__The data__:
**********

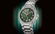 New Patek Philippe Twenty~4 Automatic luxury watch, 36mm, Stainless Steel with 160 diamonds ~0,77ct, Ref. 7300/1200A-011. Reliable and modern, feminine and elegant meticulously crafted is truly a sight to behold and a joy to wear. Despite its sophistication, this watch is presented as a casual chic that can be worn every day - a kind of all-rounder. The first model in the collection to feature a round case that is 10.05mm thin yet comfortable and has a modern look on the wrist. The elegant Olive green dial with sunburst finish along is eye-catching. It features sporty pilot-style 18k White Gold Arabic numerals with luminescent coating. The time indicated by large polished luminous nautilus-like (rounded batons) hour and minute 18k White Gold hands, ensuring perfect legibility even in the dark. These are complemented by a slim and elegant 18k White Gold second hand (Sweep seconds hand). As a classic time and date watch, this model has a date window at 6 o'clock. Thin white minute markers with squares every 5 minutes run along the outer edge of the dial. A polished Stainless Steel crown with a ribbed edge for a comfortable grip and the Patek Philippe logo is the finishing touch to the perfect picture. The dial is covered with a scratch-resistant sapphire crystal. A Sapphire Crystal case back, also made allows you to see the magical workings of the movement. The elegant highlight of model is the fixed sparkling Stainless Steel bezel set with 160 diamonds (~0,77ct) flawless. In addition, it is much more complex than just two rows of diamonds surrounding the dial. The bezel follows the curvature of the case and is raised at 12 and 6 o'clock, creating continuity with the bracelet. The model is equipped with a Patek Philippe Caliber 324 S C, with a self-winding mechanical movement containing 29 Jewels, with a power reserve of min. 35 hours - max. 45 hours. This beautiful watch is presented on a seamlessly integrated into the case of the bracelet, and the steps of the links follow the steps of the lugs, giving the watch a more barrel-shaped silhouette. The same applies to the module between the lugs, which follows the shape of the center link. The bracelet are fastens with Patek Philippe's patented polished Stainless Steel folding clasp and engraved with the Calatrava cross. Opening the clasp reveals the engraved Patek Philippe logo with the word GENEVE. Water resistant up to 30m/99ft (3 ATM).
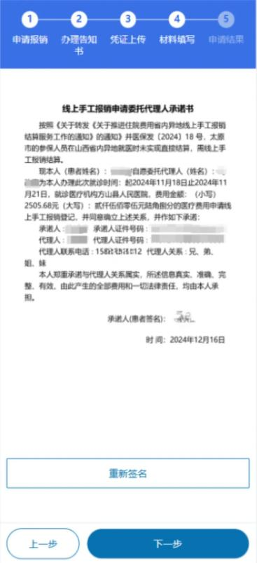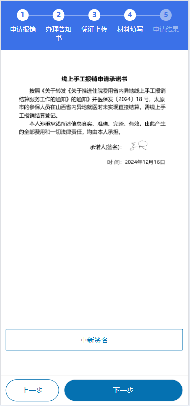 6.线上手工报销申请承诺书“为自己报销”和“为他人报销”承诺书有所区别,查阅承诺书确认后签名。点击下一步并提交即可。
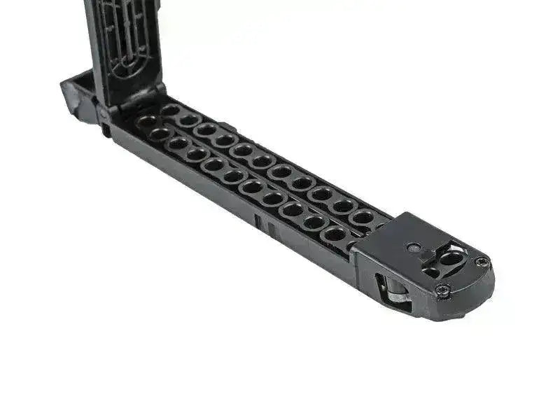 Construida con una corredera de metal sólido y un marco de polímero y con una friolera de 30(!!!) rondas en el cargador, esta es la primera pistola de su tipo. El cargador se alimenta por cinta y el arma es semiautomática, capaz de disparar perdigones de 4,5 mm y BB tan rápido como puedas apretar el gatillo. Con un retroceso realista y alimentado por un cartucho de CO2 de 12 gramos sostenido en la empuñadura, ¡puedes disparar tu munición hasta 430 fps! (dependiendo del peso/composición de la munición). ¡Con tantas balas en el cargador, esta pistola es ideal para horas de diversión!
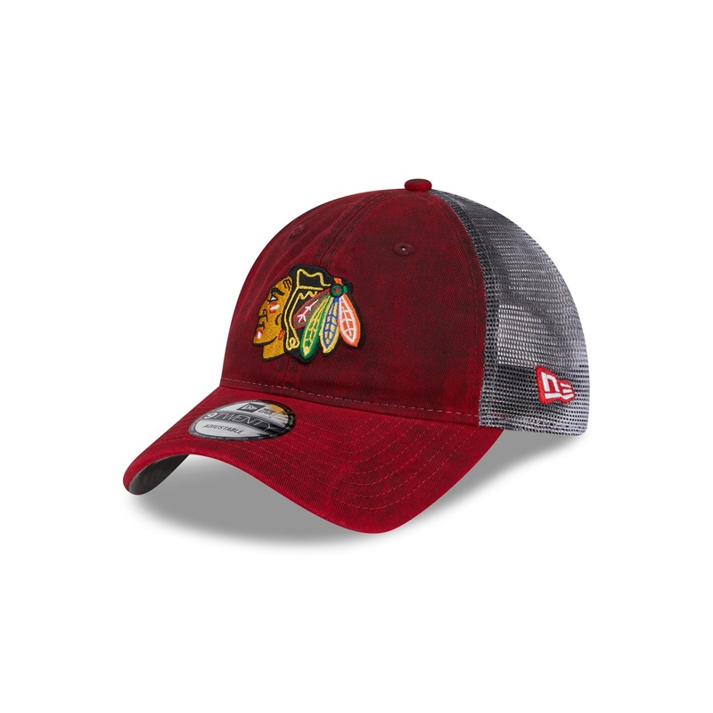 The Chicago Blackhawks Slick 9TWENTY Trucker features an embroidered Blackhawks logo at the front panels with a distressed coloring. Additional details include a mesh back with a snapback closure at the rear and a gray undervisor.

**********

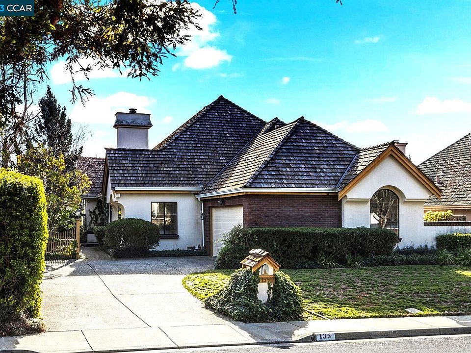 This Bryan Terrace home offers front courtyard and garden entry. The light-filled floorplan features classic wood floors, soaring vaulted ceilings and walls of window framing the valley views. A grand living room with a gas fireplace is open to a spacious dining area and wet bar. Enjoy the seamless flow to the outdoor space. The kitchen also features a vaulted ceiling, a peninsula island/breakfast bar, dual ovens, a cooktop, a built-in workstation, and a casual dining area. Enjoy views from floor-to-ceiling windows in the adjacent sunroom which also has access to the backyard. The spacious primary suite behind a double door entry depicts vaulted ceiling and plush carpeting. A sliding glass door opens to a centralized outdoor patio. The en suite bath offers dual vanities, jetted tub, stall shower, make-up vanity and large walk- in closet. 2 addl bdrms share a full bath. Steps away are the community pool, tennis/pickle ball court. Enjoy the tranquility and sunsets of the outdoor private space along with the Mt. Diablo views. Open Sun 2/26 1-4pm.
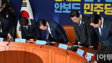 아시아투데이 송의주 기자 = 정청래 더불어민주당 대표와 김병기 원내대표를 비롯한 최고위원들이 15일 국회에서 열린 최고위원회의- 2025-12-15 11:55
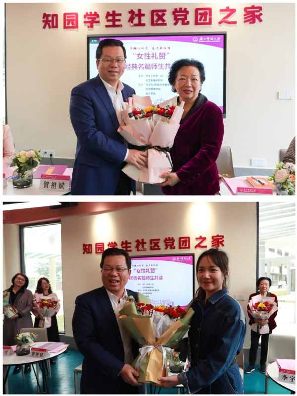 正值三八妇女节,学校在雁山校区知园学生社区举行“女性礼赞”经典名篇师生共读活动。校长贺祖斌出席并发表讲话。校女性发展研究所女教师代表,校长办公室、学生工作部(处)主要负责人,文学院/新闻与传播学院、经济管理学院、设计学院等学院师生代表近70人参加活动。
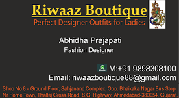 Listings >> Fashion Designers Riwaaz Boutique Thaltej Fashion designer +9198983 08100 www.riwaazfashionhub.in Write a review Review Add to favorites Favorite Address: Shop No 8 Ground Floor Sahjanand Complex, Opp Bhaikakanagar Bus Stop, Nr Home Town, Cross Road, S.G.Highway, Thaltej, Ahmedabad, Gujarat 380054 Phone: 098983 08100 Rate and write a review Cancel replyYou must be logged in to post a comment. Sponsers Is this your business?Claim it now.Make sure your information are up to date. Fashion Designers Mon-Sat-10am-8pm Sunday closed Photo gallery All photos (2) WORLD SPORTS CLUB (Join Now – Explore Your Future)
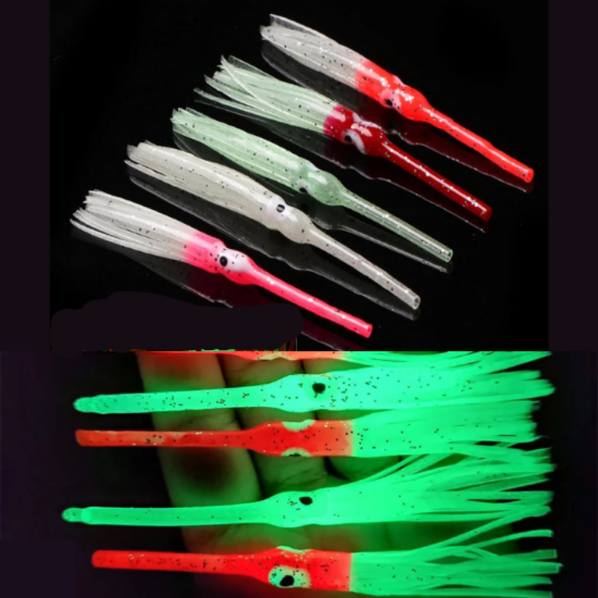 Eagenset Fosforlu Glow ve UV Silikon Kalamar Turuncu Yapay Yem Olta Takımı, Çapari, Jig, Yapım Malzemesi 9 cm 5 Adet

**********

__Task brief__:
Print exactly the lines above that run from the one with "아시아투데이 송의주 기자" down to the one with "Eagenset Fosforlu Glow", and omit the pictures.

__Task answer__:
 아시아투데이 송의주 기자 = 정청래 더불어민주당 대표와 김병기 원내대표를 비롯한 최고위원들이 15일 국회에서 열린 최고위원회의- 2025-12-15 11:55
 正值三八妇女节,学校在雁山校区知园学生社区举行“女性礼赞”经典名篇师生共读活动。校长贺祖斌出席并发表讲话。校女性发展研究所女教师代表,校长办公室、学生工作部(处)主要负责人,文学院/新闻与传播学院、经济管理学院、设计学院等学院师生代表近70人参加活动。
 Listings >> Fashion Designers Riwaaz Boutique Thaltej Fashion designer +9198983 08100 www.riwaazfashionhub.in Write a review Review Add to favorites Favorite Address: Shop No 8 Ground Floor Sahjanand Complex, Opp Bhaikakanagar Bus Stop, Nr Home Town, Cross Road, S.G.Highway, Thaltej, Ahmedabad, Gujarat 380054 Phone: 098983 08100 Rate and write a review Cancel replyYou must be logged in to post a comment. Sponsers Is this your business?Claim it now.Make sure your information are up to date. Fashion Designers Mon-Sat-10am-8pm Sunday closed Photo gallery All photos (2) WORLD SPORTS CLUB (Join Now – Explore Your Future)
 Eagenset Fosforlu Glow ve UV Silikon Kalamar Turuncu Yapay Yem Olta Takımı, Çapari, Jig, Yapım Malzemesi 9 cm 5 Adet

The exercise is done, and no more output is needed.